В воскресенье опять приезжает Матрена Ананьевна.

— Не мешаю? — спрашивает.

— Нет, нет, нисколько.

— То-то. Наши нынче у той, у Сайги-то проклятой; я и махнула к вам: думаю себе, не пригласить ли земляка пообедать с собой.

— Пойдемте, пойдемте, Матрена Ананьевна.

— Я шучу.

— Чего шутить, пойдемте.

— Ну вас; вы небось нынче с Алексей Иванычем пойдете?

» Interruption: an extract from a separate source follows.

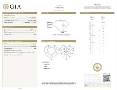 GIA, 2021, Report No. 3415527966, 1.50 carats, F color, SI1 clarity, Faint fluorescence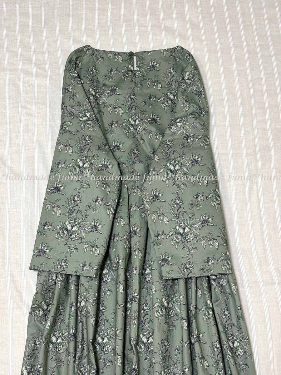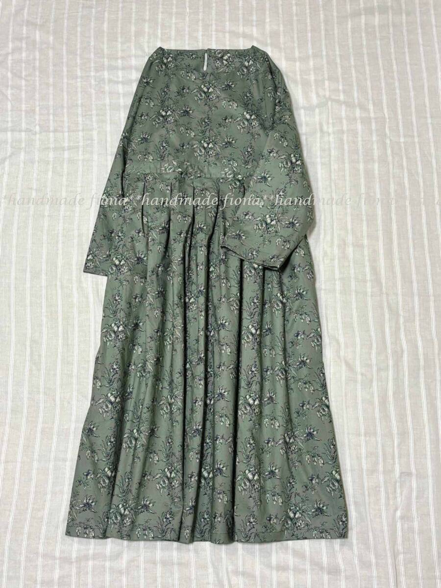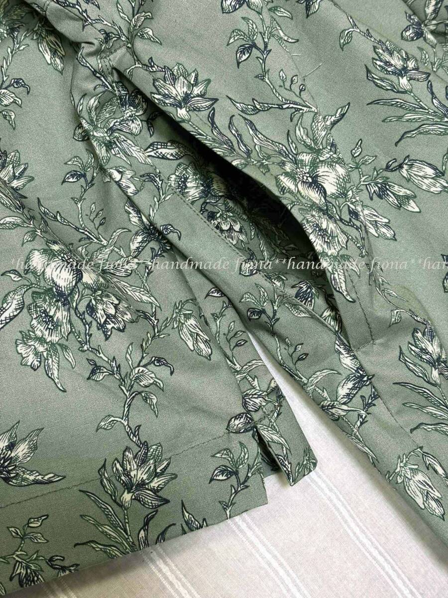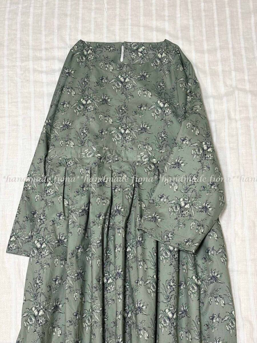 *:. ハンドメイド cotton 線画flower アッシュグリーン タックOP .:*

У меня был приятель живописец, которого звали Алексеем Ивановичем.

— Да, — говорю, — с ним.

— Ну а он ведь небось со своей мамзелью?

— Да это что ж вам мешает?

— Да мне ничего. Только скажите, сделайте милость, это она действительно не надо мною смеется?

— Полноте, — скажешь, — Матрена Ананьевна! Над чем же над вами можно смеяться?

— То-то. Я и сама так думаю, что ничего во мне смешного нет.

— Да ничего же, решительно ничего.

— И я говорю, что ничего.

— Ну и пойдемте.

— Только я два франка-то сама заплачу. Это уж так: у меня деньги есть. Я только по карте у них, у чертей, так выбирать не умею.

И не два франка, а пять франков уж у нее в уголке белого платочка завязаны, и она непременно сама свой «едисьен» заплатит, и еще бутылку вина купит, а на обратном пути в фруктовую заскочит, наберет «мандиану», закупит целый картуз и пошла угощать, и меня, и живописца, и его француженку, а сама так и шелушит миндальные орешки, так и расплевывает во все стороны скорлупки, точно у себя дома о Пасхе под качелями. Земляк тут нужен для компании, для удобнейшего объяснения с гарсоном при заказе обеда да главным образом для выслушания горьких жалоб, накопившихся в душе Матрены Ананьевны за прошлую неделю.

Какое же горе великое одолевает Матрену Ананьевну? А вот не успеет ей гарсон у Тиссо в Пале-Рояле поставить мелкую тарелку с жидким бульоном, она сейчас хлебнет ложку-другую и начинает:

— А у нас теперь от этой бульонной говядины хоть с голоду умри.

Засмеешься.

— Что вы это, матушка Матрена Ананьевна, говорите? Будто вы в самом деле едунья такая, что вам много надо! Ведь вот вы и тарелки одной не докушали.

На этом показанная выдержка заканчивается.